From the Guidelines
Yes, the low TSH level (less than 0.1) in this 30-year-old male with melanoma could be related to his BRAF/MEK inhibitor therapy with Cobimetinib (Cotellic) and Vemurafenib (Zelboraf). Thyroid dysfunction, particularly hyperthyroidism, is a known adverse effect of these medications. The combination of Vemurafenib and Cobimetinib has been associated with thyroid function abnormalities in approximately 5-20% of patients, as reported in the NCCN guidelines 1. The mechanism involves the MAPK pathway, which these drugs target to treat the BRAF V600E-mutated melanoma, but this pathway also plays a role in thyroid hormone regulation.
Key Points to Consider
- The patient should undergo further thyroid function testing, including free T4 and T3 levels, to confirm hyperthyroidism.
- If hyperthyroidism is confirmed, the patient may require monitoring or treatment depending on symptom severity, but typically the thyroid dysfunction is mild and may not require discontinuation of the cancer therapy.
- Regular thyroid function monitoring (every 4-8 weeks) is recommended for patients on BRAF/MEK inhibitor therapy, especially during the first few months of treatment when these changes are most likely to occur, as suggested by the NCCN guidelines 1.
- The most recent guidelines from ASCO also emphasize the importance of monitoring for toxicity, including thyroid dysfunction, in patients receiving BRAF/MEK inhibitor therapy 1.
Recommendations for Management
- Close monitoring of thyroid function is crucial in patients on BRAF/MEK inhibitor therapy.
- Patients should be educated on the signs and symptoms of thyroid dysfunction and the importance of reporting any changes to their healthcare provider.
- The decision to continue or modify the cancer therapy should be made on a case-by-case basis, considering the benefits and risks of treatment, as well as the patient's overall health status and preferences.
From the Research
Thyroid Dysfunction and Medication
- The patient's recent lab results showing a TSH level less than 0.1 may be related to the medications Cobimetinib (Cotellic) and Vemurafenib (Zelboraf) used to treat Melanoma with BRAF V600E mutation(s) 2.
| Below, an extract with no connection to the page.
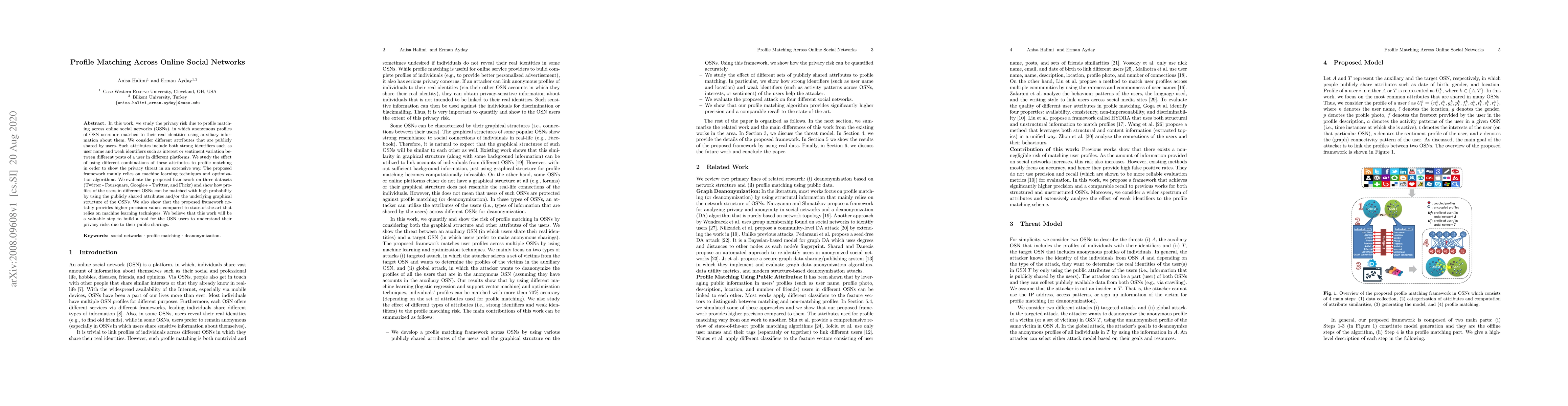 In this work, we study the privacy risk due to profile matching across online social networks (OSNs), in which anonymous profiles of OSN users are matched to their real identities using auxiliary information about them. We consider different attributes that are publicly shared by users. Such attributes include both strong identifiers such as user name and weak identifiers such as interest or sentiment variation between different posts of a user in different platforms. We study the effect of using different combinations of these attributes to profile matching in order to show the privacy threat in an extensive way. The proposed framework mainly relies on machine learning techniques and optimization algorithms. We evaluate the proposed framework on three datasets (Twitter - Foursquare, Google+ - Twitter, and Flickr) and show how profiles of the users in different OSNs can be matched with high probability by using the publicly shared attributes and/or the underlying graphical structure of the OSNs. We also show that the proposed framework notably provides higher precision values compared to state-of-the-art that relies on machine learning techniques. We believe that this work will be a valuable step to build a tool for the OSN users to understand their privacy risks due to their public sharings.

- However, the provided studies do not directly link these medications to thyroid dysfunction.
- Other conditions and some drugs can be associated with a TSH level that is slightly low (0.1-0.4 microIU/mL) or frankly suppressed (< 0.1 microIU/mL) 2.
Immune Checkpoint Inhibitors and Thyroid Dysfunction
- Checkpoint inhibitors, such as ipilimumab, nivolumab, and pembrolizumab, used in the treatment of melanoma, are associated with a high rate of immune side effects, including endocrinopathy 3.
- Thyroid dysfunction occurs commonly in patients with melanoma treated with immune checkpoint inhibitors, with rates, including subclinical dysfunction, occurring in up to 50% 3.
- Pembrolizumab, an anti-programmed cell death 1 (PD-1) receptor monoclonal antibody, is associated with thyroid dysfunction, including thyrotoxicosis and hypothyroidism 4.
Management of Thyroid Dysfunction
- The management of patients with persistent symptoms despite normal thyroid function tests, and potential new innovations in thyroid hormone therapy, are important considerations 5.
- The diagnosis of subclinical hypothyroidism should be confirmed by repeat thyroid function tests, and treatment is not necessary unless the TSH exceeds 7.0-10 mIU/L 6.
- TSH goals are age-dependent, and combined treatment with levothyroxine and liothyronine may be preferred in some hypothyroid patients who are dissatisfied with treatment 6.